D. Baseline JSON Schema & Compatibility Guarantees¶

Decision: Baseline files are versioned and self-describing, with strict compatibility checks.

Baseline schema (v1):

{
  "schema_version": 1,
  "suite": "demo_suite",
  "assay_version": "0.1.0",
  "created_at": "2025-12-21T12:00:00Z",
  "config_fingerprint": "sha256:<hash>",
  "entries": [
    {
      "test_id": "rag_q1",
      "metric": "semantic_similarity_to",
      "score": 0.91,
      "meta": {
        "model": "text-embedding-3-small",
        "rubric_version": "v1"
      }
    }
  ]
}

Required fields: - schema_version (u32) - suite (string) - assay_version (string) - created_at (RFC3339 string, UTC recommended) - config_fingerprint (string, sha256: prefix recommended) - entries[] (array)

Each entries[] item MUST include: - test_id (string) - metric (string) - score (number)

Optional per entry: - meta (object) - for audit/debug (embedding model, dims, rubric_version, etc.)

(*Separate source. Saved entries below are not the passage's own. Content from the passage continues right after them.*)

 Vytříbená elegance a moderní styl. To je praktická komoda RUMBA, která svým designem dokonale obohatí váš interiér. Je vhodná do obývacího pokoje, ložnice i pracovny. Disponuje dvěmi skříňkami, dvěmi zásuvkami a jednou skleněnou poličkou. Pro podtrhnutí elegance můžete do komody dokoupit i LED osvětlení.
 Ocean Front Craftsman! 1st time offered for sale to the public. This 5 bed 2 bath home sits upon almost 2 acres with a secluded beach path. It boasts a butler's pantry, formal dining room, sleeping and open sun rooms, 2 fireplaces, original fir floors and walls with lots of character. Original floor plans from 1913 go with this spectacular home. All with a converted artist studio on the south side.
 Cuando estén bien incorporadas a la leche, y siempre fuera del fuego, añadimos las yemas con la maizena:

Compatibility policy: - schema_version mismatch -> Config Error (Exit 2) - Must include a message instructing user to regenerate baseline or upgrade tooling. - suite mismatch -> Config Error (Exit 2) - Prevents accidentally comparing unrelated suites. - config_fingerprint mismatch -> Warn by default; Fail under --strict - Rationale: suite may match, but config/test definitions may have changed. - assay_version mismatch -> Warn (do not block by default) - Rationale: minor version drift may still be comparable; warn for awareness.

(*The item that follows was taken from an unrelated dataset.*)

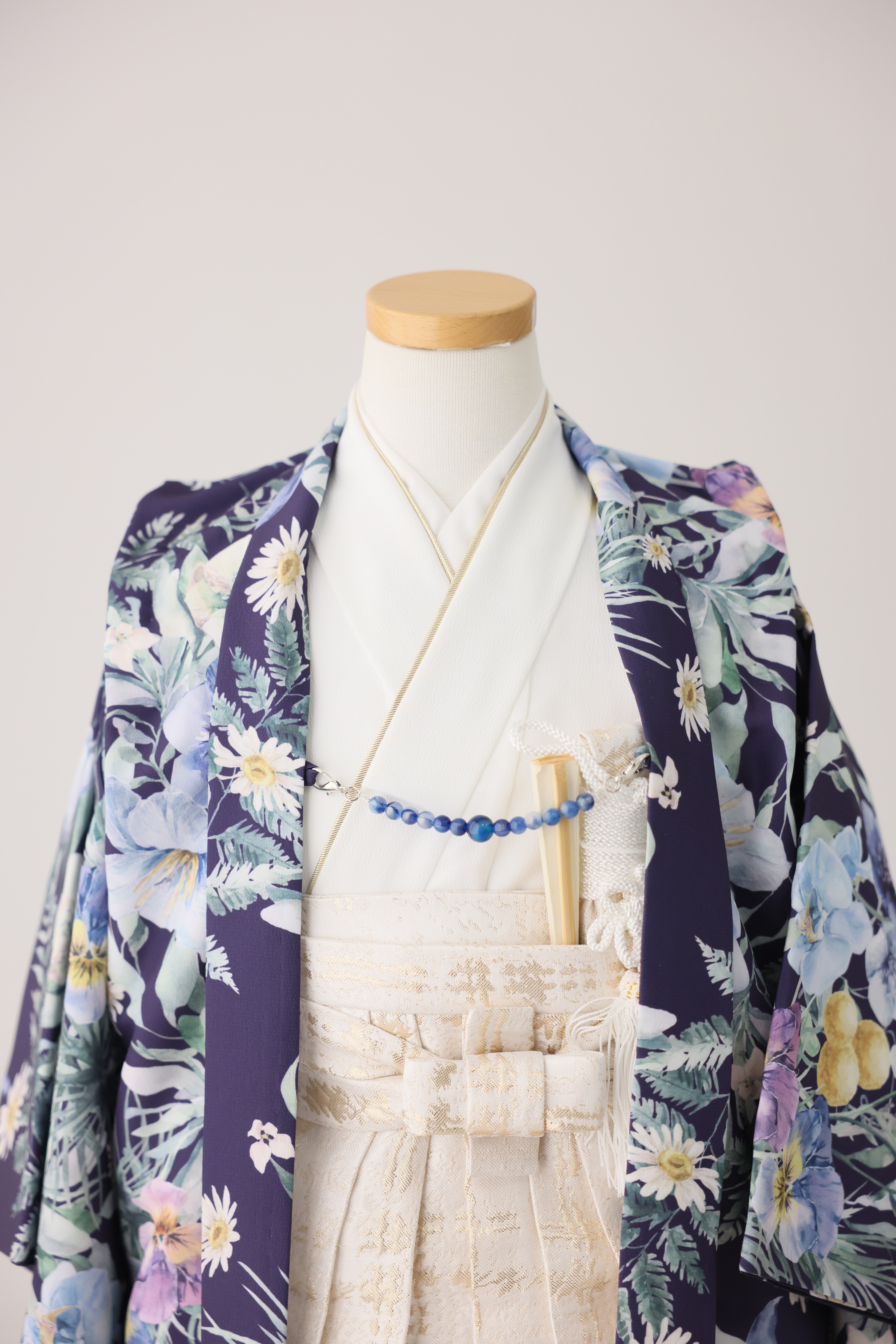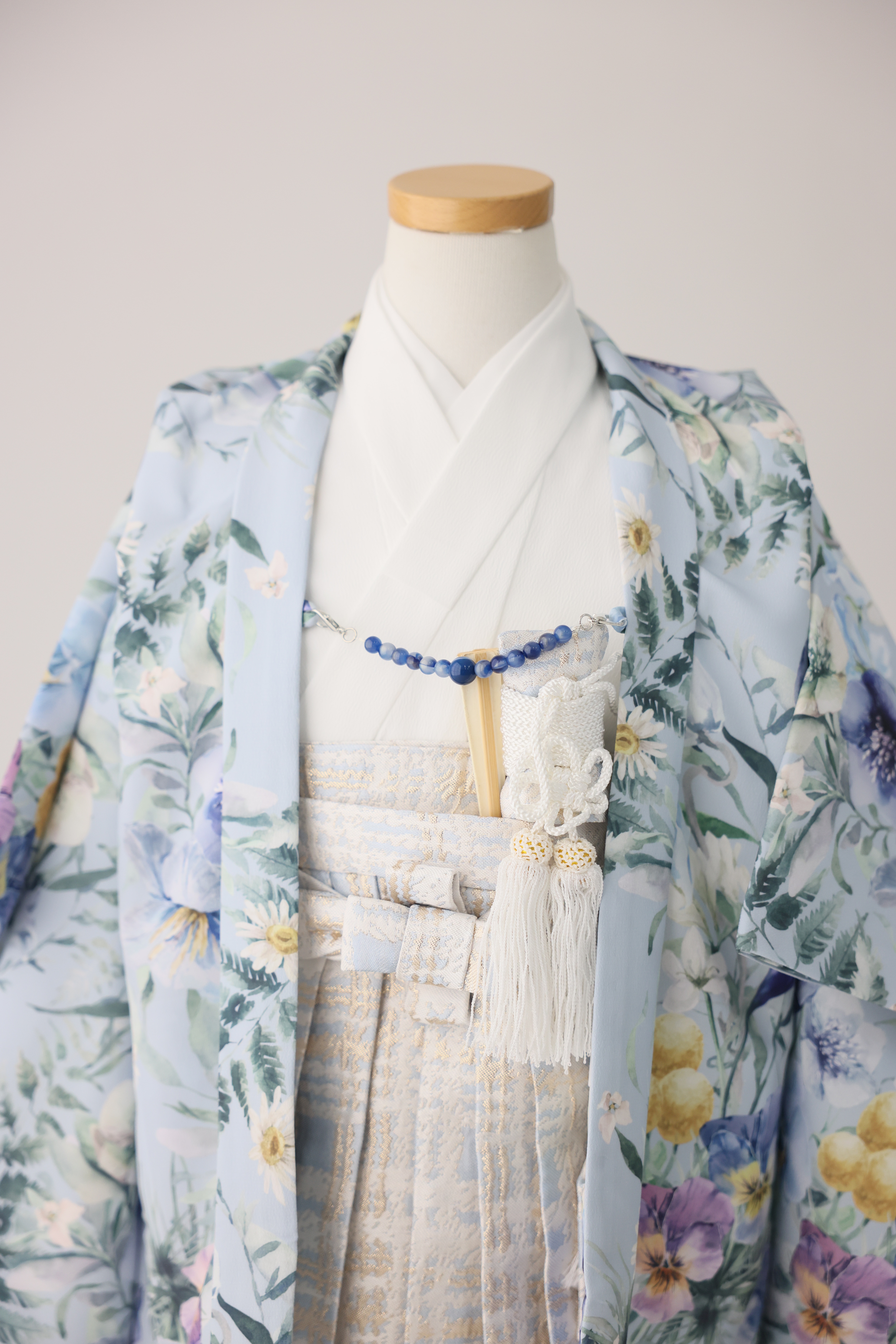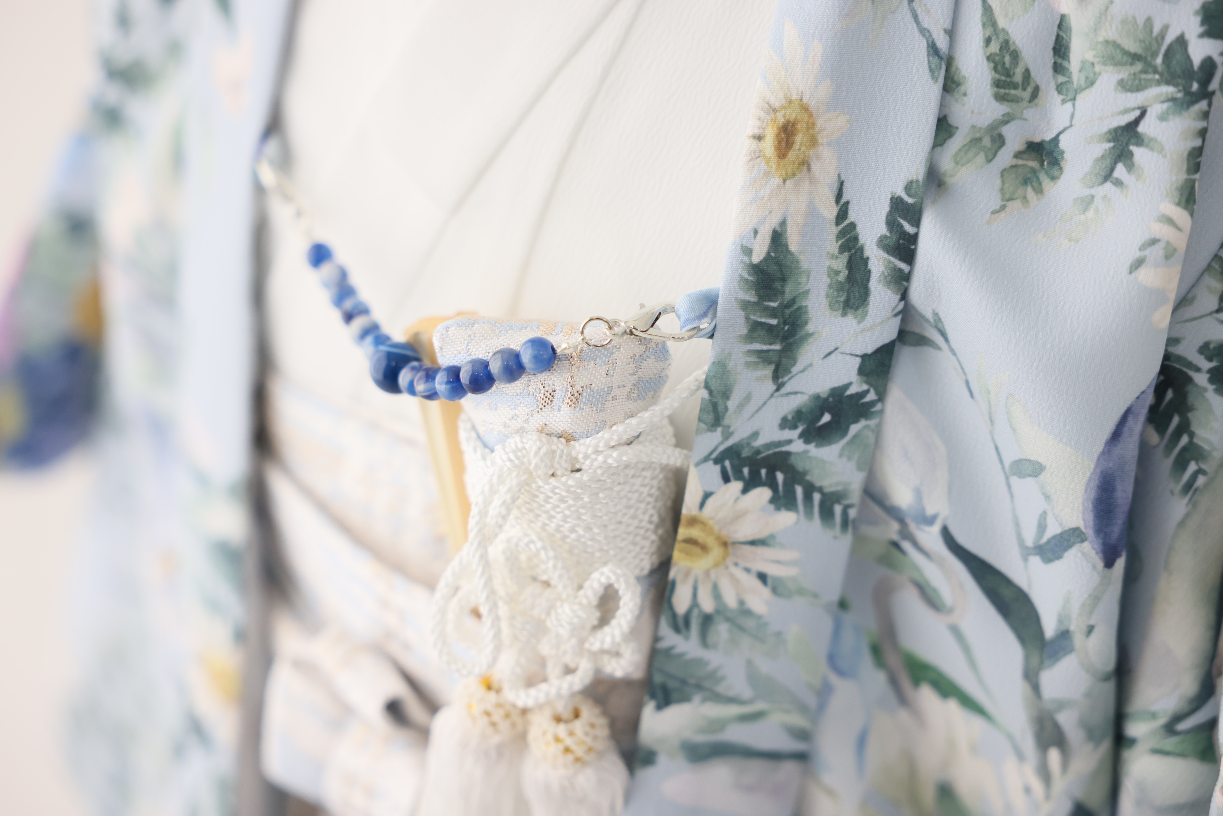 明るい水色にブルーのビジューが付いた羽織紐が差し色になっています!

config_fingerprint definition (v1): config_fingerprint is the SHA256 of a canonicalized representation of: - the eval config file contents (after path normalization), - and a metric “version set” (e.g., metric names + internal versions where applicable).

Exact canonicalization is an implementation detail, but must be: - stable across platforms, - deterministic across runs.

Rationale: Baseline comparisons should be meaningful; fingerprint helps detect “baseline from a different config”.

Gate Semantics with Baselines¶

When --baseline is provided: 1. Assay runs the suite normally (respecting replay/live, redaction, strict mode, etc.). 2. For each scored metric result: - If baseline entry exists -> compute delta and evaluate thresholding rules. - If baseline missing -> apply Missing Baseline behavior (Warn by default). 3. Assay final status/exit code follows ADR-003 semantics: - Fail/Error -> Exit 1 - Warn/Flaky -> Exit 0 (unless --strict, then Exit 1) - Config errors (schema mismatch, invalid baseline) -> Exit 2

No additional exit code class is introduced.

Consequences¶

Baselines become the “normal” workflow for regression gating.
Threshold configuration remains compact via suite-level defaults.
Users get actionable guidance when baselines are missing.
Compatibility problems are detected early (schema/suite mismatch hard fails).

Examples¶

Scenario 1: Regression (Fail)¶

Baseline (baseline.json): Test q_1, semantic_similarity, score: 0.92

Current Run: Test q_1, score: 0.85 Config: max_drop: 0.05

Logic: Delta = 0.85 - 0.92 = -0.07. Drop (-0.07) exceeds max allowed (-0.05).

Output:

FAIL [q_1]: regression detected: semantic_similarity_to dropped 0.07 (max allowed: 0.05)

Scenario 2: Improvement (Pass)¶

Baseline: Score 0.80 Current: Score 0.82 Logic: Delta +0.02. Pass.

Roadmap¶

PR11: Baseline logic, Schema, CLI arguments.
PR12: (Deferred) Statistical gating, auto-updates.